Sorry to give you such a scare!


----------



## Yeti (Jul 27, 2007)

JadecloudAlchemist said:


> Bruce Lee's Diet can be found in the book The Art of expressing the human body by John Little.
> Now how exact and correct it is I do not know.
> 
> If what the book says is true Bruce's diet was healthier than most.
> ...


 
Never said I wanted to _TRY_ his diet, and have absolutely no intention of doing so.  Just that I was curious as to what that diet entailed.


----------



## MA-Caver (Jul 27, 2007)

If you watch  Chinese Connection (aka Fists of Fury) you'll see he's bbq-ing AND eating a cat! 

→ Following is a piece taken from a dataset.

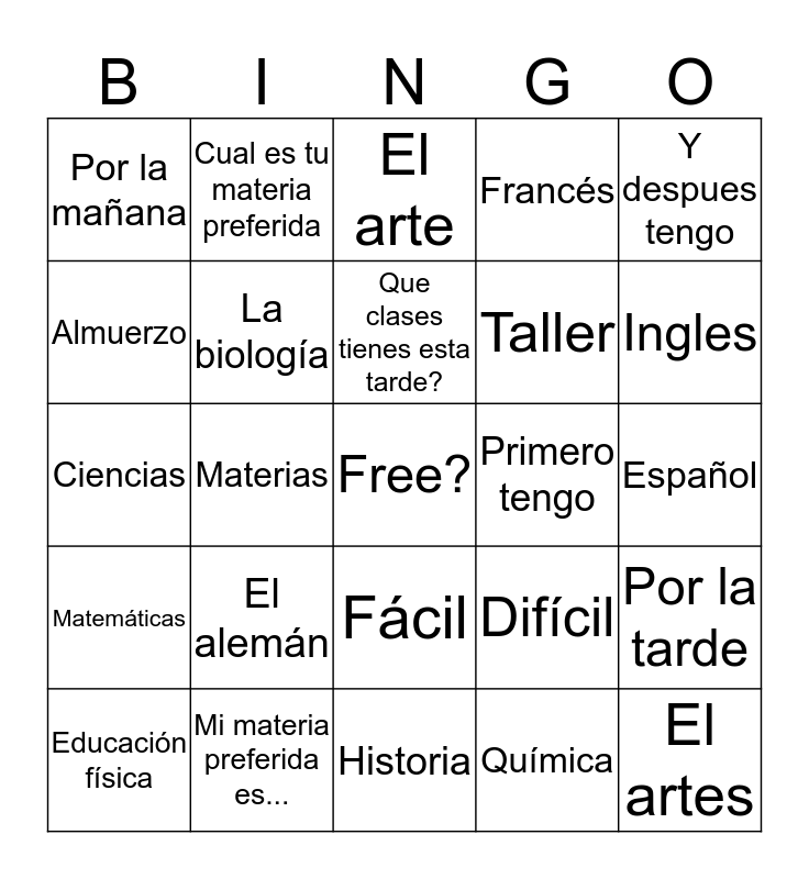 This bingo card has a free space and 24 words: El alemán, Mi materia preferida es..., Que clases tienes esta tarde?, Educación física, Y despues tengo, Por la mañana, Almuerzo, Cual es tu materia preferida, Primero tengo, Fácil, Taller, Ciencias, Difícil, Por la tarde, La biología, Química, Español, El arte, Ingles, Materias, El artes, Matemáticas, Francés and Historia.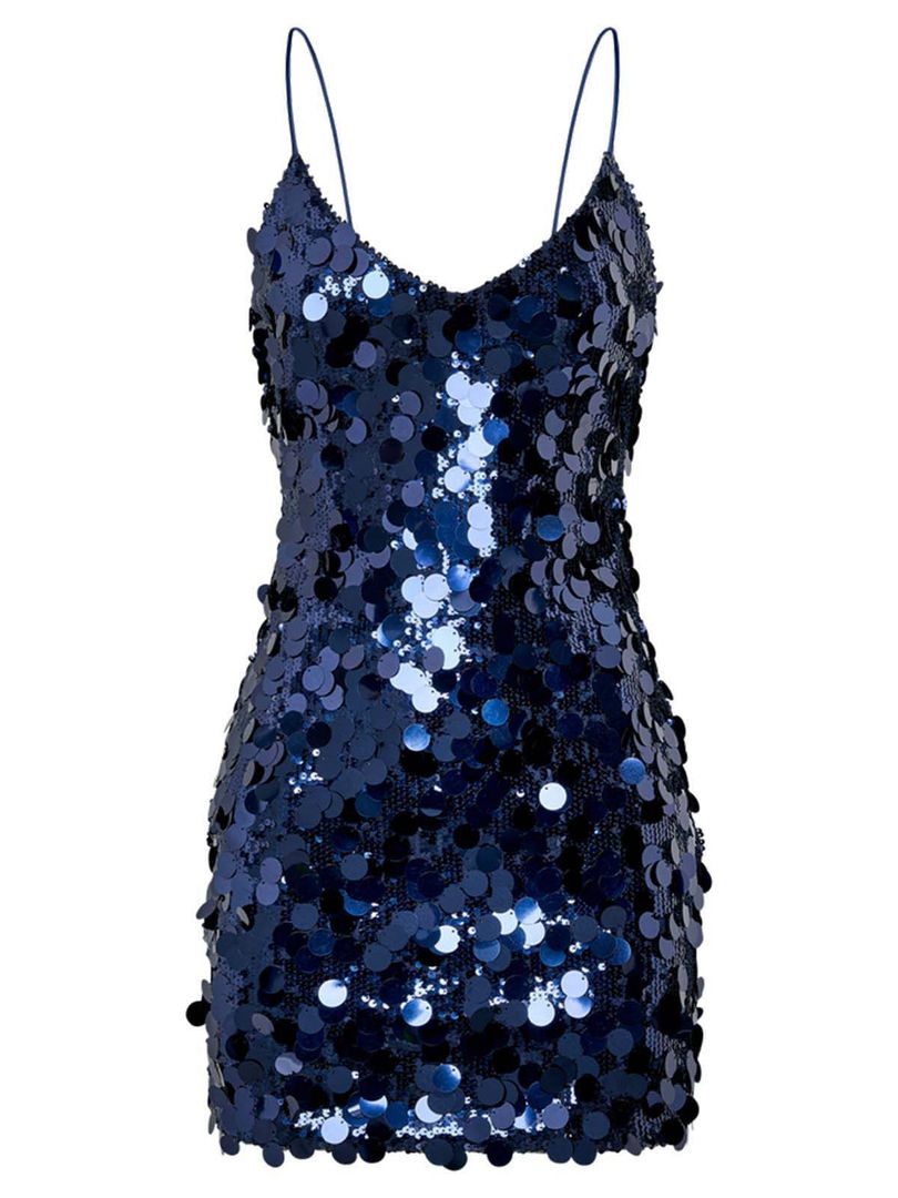 Shiny Sequins Sleeveless A-LINE Knee-Length Polyester Dress Solid O-Neck Backles

Betcha 10:1 that it wasn't fake.


----------



## Yeti (Jul 27, 2007)

MA-Caver said:


> If you watch Chinese Connection (aka Fists of Fury) you'll see he's bbq-ing AND eating a cat!
> 
> Betcha 10:1 that it wasn't fake.


I *KNEW* he had a secret!!!
Here Kitty....


----------



## Doc_Jude (Jul 27, 2007)

Yeti said:


> I *KNEW* he had a secret!!!
> Here Kitty....



He was fast as a cat!

You are what you eat...


----------